Evaluations

Evaluations are the core functionality of the PRESC package. Each evaluation methodology applies to a trained classification model and one or more datasets, and produces a visual output.

Conditional metrics

This computes standard performance scores within different partitions of a test dataset. For example, rather than reporting an overall accuracy score for a test dataset, the score can be computed as, say, a function over the different values of a feature. This can show evidence of bias if the performance score differs significantly between different areas of the feature space.

API

The computation is maintained in presc.evaluations.conditional_metric, and the main entrypoint is ConditionalMetric.

from presc.evaluations.conditional_metric import ConditionalMetric

ecm = ConditionalMetric(cm, test_dataset)
# Plot the results for all columns in the dataset.
ecm.display()

For a given column in the test set, its values are binned as for a histogram, and a scikit-learn performance score (default: accuracy) is computed for the subset of the test dataset corresponding to each bin.

By default, the computation is run for every column in the dataset, including all features and any other columns. For example, this can be used to create a calibration-style plot by including a column of predicted classification probabilities.

Columns can be selected by passing a list of column names to ecm.display().

Computation for an individual column can be accessed using ecm.compute_for_column(). This returns a ConditionalMetricResult object which bundles the numerical results and option settings used, as well as exposing a display_result() method to produce the default plot. The underlying computation can be accessed from the compute_conditional_metric module function.

Configuration

Settings for the conditional metric evaluation are as follows:

evaluations:
  conditional_metric:
    # Dataset columns to run the evaluation for.
    # Follows the same logic as for report evaluations.
    # "*" means 'all feature and other columns'.
    # Results will be ordered according to `columns_include`.
    columns_include: "*"
    columns_exclude: null
    # Performance metrics to compute across the dataset subsets.
    # Should be the name of a sklearn.metrics scoring function.
    metrics:
      - function: accuracy_score
        display_name: Accuracy
    computation:
      # Number of bins for partitioning a numeric column
      num_bins: 10
      # Should bin widths correspond to quantiles of a numerical column's
      # distribution (True) or be equally-spaced over its range (False)
      quantile: False
      # Should the grouping column be treated as categorical, ie. binned on its
      # unique values? Only applies if the column is numeric
      as_categorical: False
      # A dictionary of per-column overrides for the computation options.
      # Entries should have a column name as their key and settings for the
      # options above as their value.
      columns: null

Per-column overrides can be specified in the columns entry, keyed by column name:

computation:
  columns:
    col1:
      num_bins: 5
    col2:
      as_categorical: True

Overrides can be passed to the evaluation instance as a dict, with option names specified relative to the evaluation:

ecm = ConditionalMetric(cm, test_dataset, settings={"computation.num_bins": 5})
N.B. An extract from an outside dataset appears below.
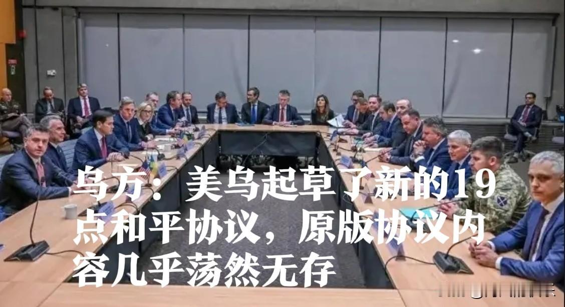 乌方:美乌起草了新的19点和平协议,原版协议内容几乎荡然无存 据外媒报道

Conditional feature distributions

This computes distributions of feature values for test datapoints belonging to each cell of the confusion matrix.

API

The computation is maintained in presc.evaluations.conditional_distribution, and the main entrypoint is ConditionalDistribution.

from presc.evaluations.conditional_distribution import ConditionalDistribution

ecd = ConditionalDistribution(cm, test_dataset)
# Plot the results for all columns in the dataset.
ecd.display()

For a given column in the test set, it values are partitioned according to which cell of the confusion matrix each row belongs to (eg. correctly classified as class 1, class 1 misclassified as class 2, etc), and a distributional representation is created for each cell.

By default, the computation is run for every column in the dataset, including all features and any other columns.

Columns can be selected by passing a list of column names to ecd.display().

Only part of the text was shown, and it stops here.